After my advertising creative career, I entered academia as a professor. One of the first academic studies I did was on this very phenomenon. My research partner Michael Coolsen and found “For Brands, A Little Drama is a Good Thing.

Our research proved telling complete stories following a five act form increases Super Bowl ad ratings and YouTube shares and views. We used the “Math” of academic research to confirm the “Magic” of storytelling. A Narrative Brain isn’t just a creative preference. It’s a measurable business driver.

For years people were searching for the magic bullet that will make a Super Bowl ad a hit or a YouTube video go viral. Was it celebrities, or animals, humor or … ? We found that all that doesn’t matter, even putting the brand in the last 10 seconds of the spot or video. What matters is telling a complete story.

This aligns with Angus Fletcher’s research on the Narrative Brain which shows the human mind isn’t a logic processor. It’s a story processor. While AI is stuck in the world of probability (what usually happens), the human brain is built for narrative intuition (imagining what could happen) – our “Primal Intelligence.”

Our Human Edge

This is the approach we’re exploring in the Markets, Innovation & Design program at Bucknell University. We’re not “anti-data.” We’re “pro-human integration.” The spreadsheet is the starting line, not the finish line. We also integrate with the liberal arts, so our students don’t just learn “business.” They pull from broad disciplines such as psychology, sociology, and literature to understand the human “Territory.”

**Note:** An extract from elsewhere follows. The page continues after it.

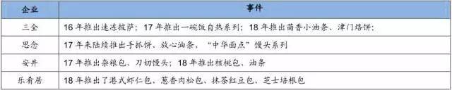目前我国速冻面米行业主要集中在水饺、汤圆等传统产品,品种结构较为单一。安井食品等企业聚焦速冻面点领域,近年来不断推出手抓饼、核桃包、油条等面点新品种,三全、思念等传统企业也不断开发包子、蒸蛋糕等品类。
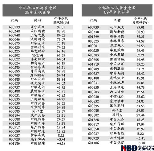 一季度業(yè)績(jī)排名第一的中郵核心優(yōu)選,2008年年報(bào)顯示,配置比例超過(guò)凈資產(chǎn)1%的30只股票中,8只是地產(chǎn)股,包括上實(shí)發(fā)展、泛海建設(shè)、中華企業(yè)、華發(fā)股份、招商地產(chǎn)、金地集團(tuán)、中山公用和中糧地產(chǎn),而這8只地產(chǎn)股都是四季報(bào)中并未公布,年報(bào)中剛剛露臉的隱形重倉(cāng)股。

  1. Analyze the Map: Use data and analytics to see where the market is.
  2. Enter the Territory: Use empathy and observation to find the human insight.
  3. Make the Creative Leap: Move from Correlation (Map) to Conjecture ( Driver) to design a future the data hasn’t seen.

Unpredictable as a Competitive Advantage

The market is currently punishing companies that look like they can be replaced by an algorithm. The antidote to that fear is a more balanced approach to business.

We need the Map-makers to show us where we are, but we need the Narrative Designers to decide where we’re going. The most successful strategies, the ones that win the Super Bowl ads and dominate markets, aren’t found in a “best-practice” log. They’re designed by people who look at the Map and then choose to drive somewhere the Map never saw coming.

About This Post’s Creation It was developed in partnership with Gemini and Claude. AI helped bridge the market news with my last post, the core perspective, first hand experience and research insights remains my own.